The Kraras Massacre of 1983 in East Timor

Massacre at Kraras, East Timor - Indonesia in 1975 invaded and forcibly annexed East Timor, beginning a campaign of violence that killed 200,000 East Timorese.

One element of this campaign was the massacre of entire villages. During the summer of 1983, nearly three hundred residents of Kraras, thereafter known as "the village of widows," were killed by Indonesian troops.

John Pilger reported on one of the East Timorese resisters, identified only as Domingos:

Domingos is 40 and has been in the jungle since 1983. "My wife was tortured and burned with cigarettes," he said. "She was also raped many times. In September [1993] the Indonesians sent the population of her village to find us. My wife came to me and said, `I don't want to see your face because I have been suffering too much.' At first I thought she was rejecting me, but it was the opposite; she was asking me to fight on, to stay out of the village and not to be captured and never to surrender. She said to me, `You get yourself killed and I shall grieve for you, but I don't want to see you in their hands. I'll never accept you giving up!' I looked at her, and she was sad. I asked her if we could live together after the war, and she said softly, `Yes, we can.' She then walked away."

Domingos and his wife came from Kraras, now known by the Timorese as the "village of the widows." During the summer of 1983, 287 people were massacred there. Their names appear on an extraordinary list compiled in Portuguese by the church. In a meticulous, handwritten script, everything is recorded: the name and age of each of the murdered, as well as the date and place of death and the Indonesian battalion responsible.

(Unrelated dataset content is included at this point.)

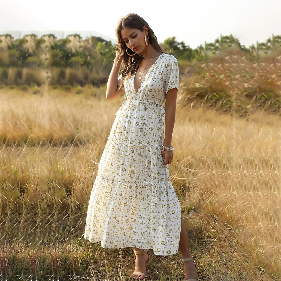 White Long Dress Women Elegant Floral Ruffle Sexy Deep v Neck Slit Dresses

Every time I pick up this list, a testimony of genocide, I find it strangely compelling and difficult to put down, as if each death is fresh on the page. Like the ubiquitous crosses, it records the slaughter of whole families, and bears witness to genocide: Feliciano Gomes, 50; Jacob Gomes, 50; Antonio Gomes, 37; Marcelino Gomes, 29; Joao Gomes, 33; Miguel Gomes, 51; Domingos Gomes, 30; Domingos Gomes, 2 -- "shot."

So far I have counted forty families, including many children: Kai and Olo Bosi, 6 and 4, "shot"; Marito Soares, 1, "shot"; Cacildo Dos Anjos, 2, "shot." There are babies as young as 3 months.